→ **Material provided**:

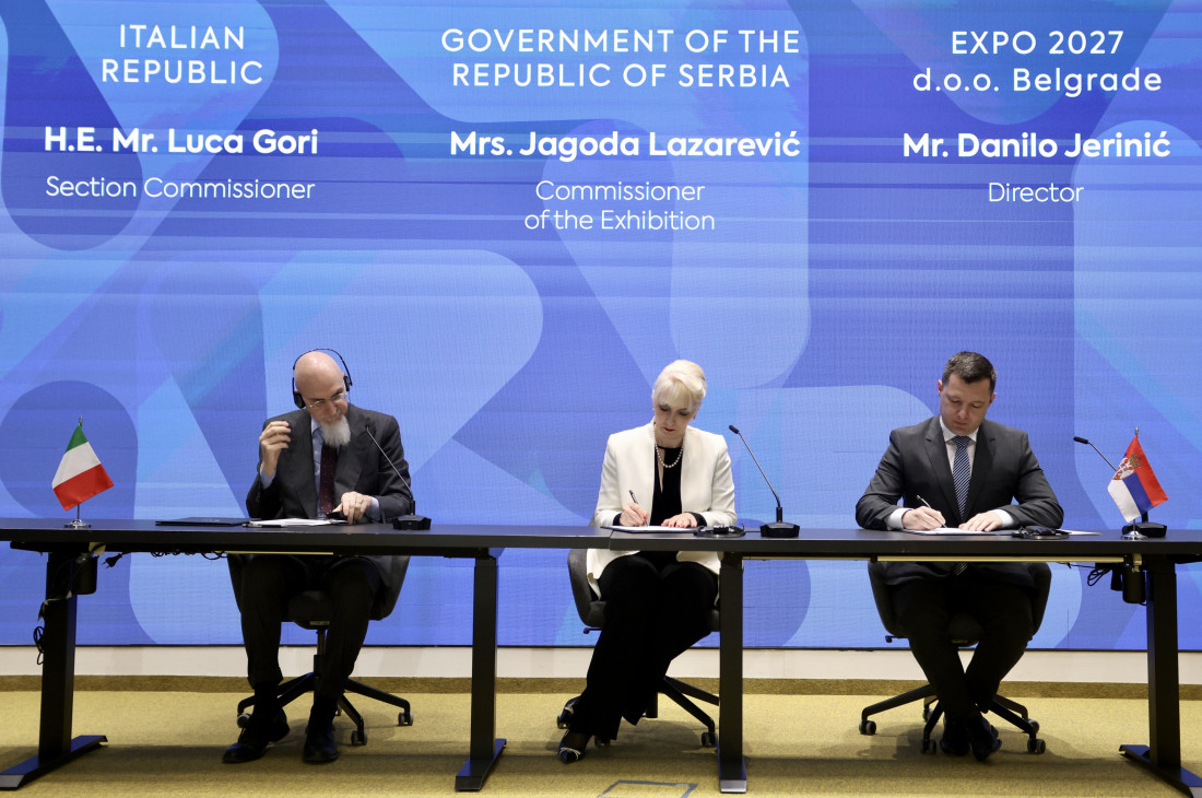 U Beogradu je danas potpisan ugovor o učešću Italije na specijalizovanoj izložbi Ekspo 2027 Beograd, a ministarka unutrašnje i spoljne trgovine Jagoda Lazarević izjavila je da je Italija jedan od najznačajnijih ekonomskih partnera Srbije, kao i da je italijansko učešće na izložbi Ekspo 2027 u Beogradu važno. Ministarka očekuje da će paviljon Italije na izložbi biti "živ i zanimljiv".
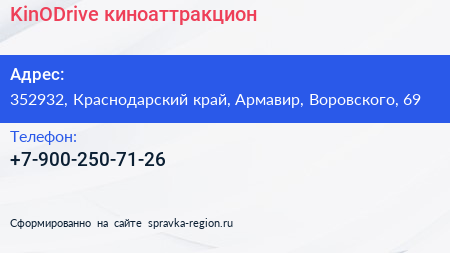 KinODrive, киноаттракцион по адресу 352932, Краснодарский край, Армавир, Воровского, 69 в дальнейшем Организация, размещена в следующих категориях:
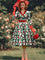 Women's Vintage Christmas Art Print V-neck Elegant Maxi Dress
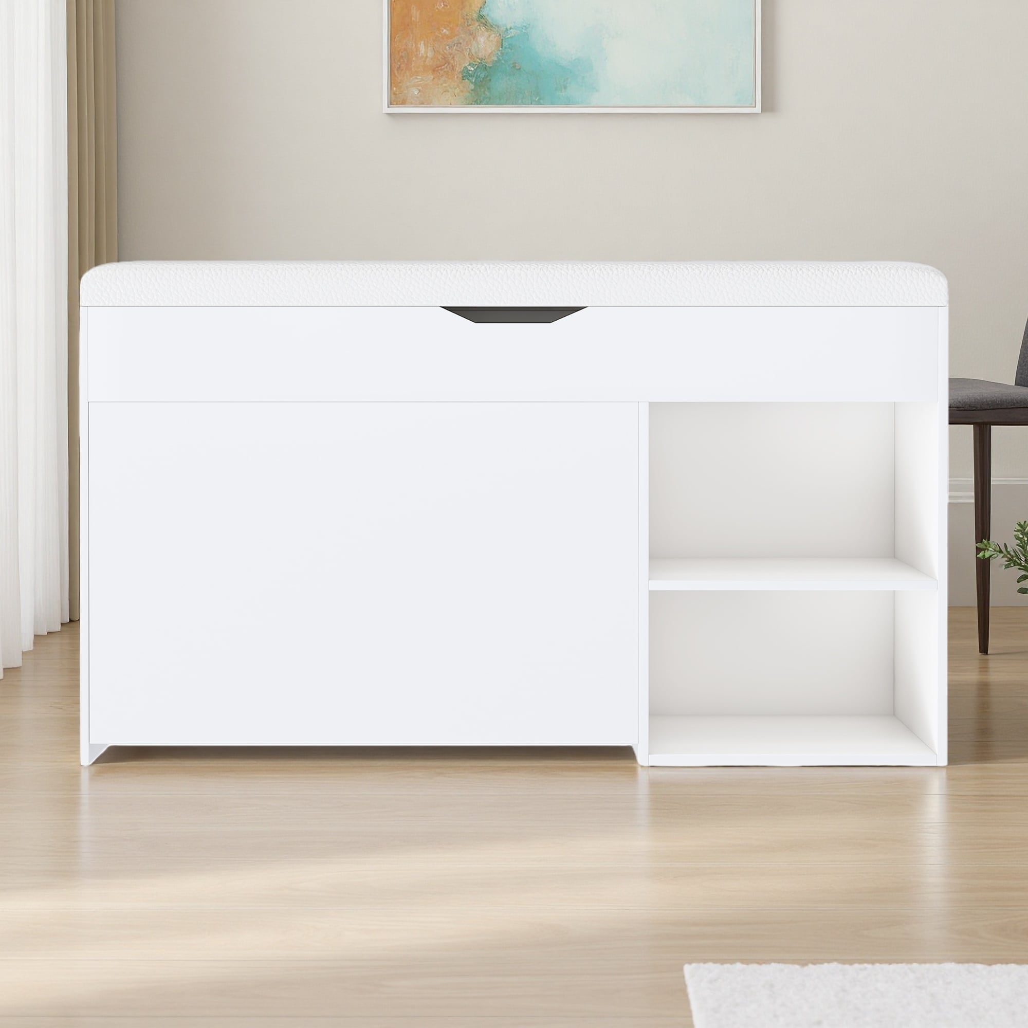 39"L Entryway Bench with Shoe Storage, Adjustable 3-Tier Flip-Up Drawers & Hidden Cabinet, Shoe Organizer, Triple Storage

→ **Work required**:
Line by line, write out the material above exactly, with no images.

→ **Task output**:
 U Beogradu je danas potpisan ugovor o učešću Italije na specijalizovanoj izložbi Ekspo 2027 Beograd, a ministarka unutrašnje i spoljne trgovine Jagoda Lazarević izjavila je da je Italija jedan od najznačajnijih ekonomskih partnera Srbije, kao i da je italijansko učešće na izložbi Ekspo 2027 u Beogradu važno. Ministarka očekuje da će paviljon Italije na izložbi biti "živ i zanimljiv".
 KinODrive, киноаттракцион по адресу 352932, Краснодарский край, Армавир, Воровского, 69 в дальнейшем Организация, размещена в следующих категориях:
 Women's Vintage Christmas Art Print V-neck Elegant Maxi Dress
 39"L Entryway Bench with Shoe Storage, Adjustable 3-Tier Flip-Up Drawers & Hidden Cabinet, Shoe Organizer, Triple Storage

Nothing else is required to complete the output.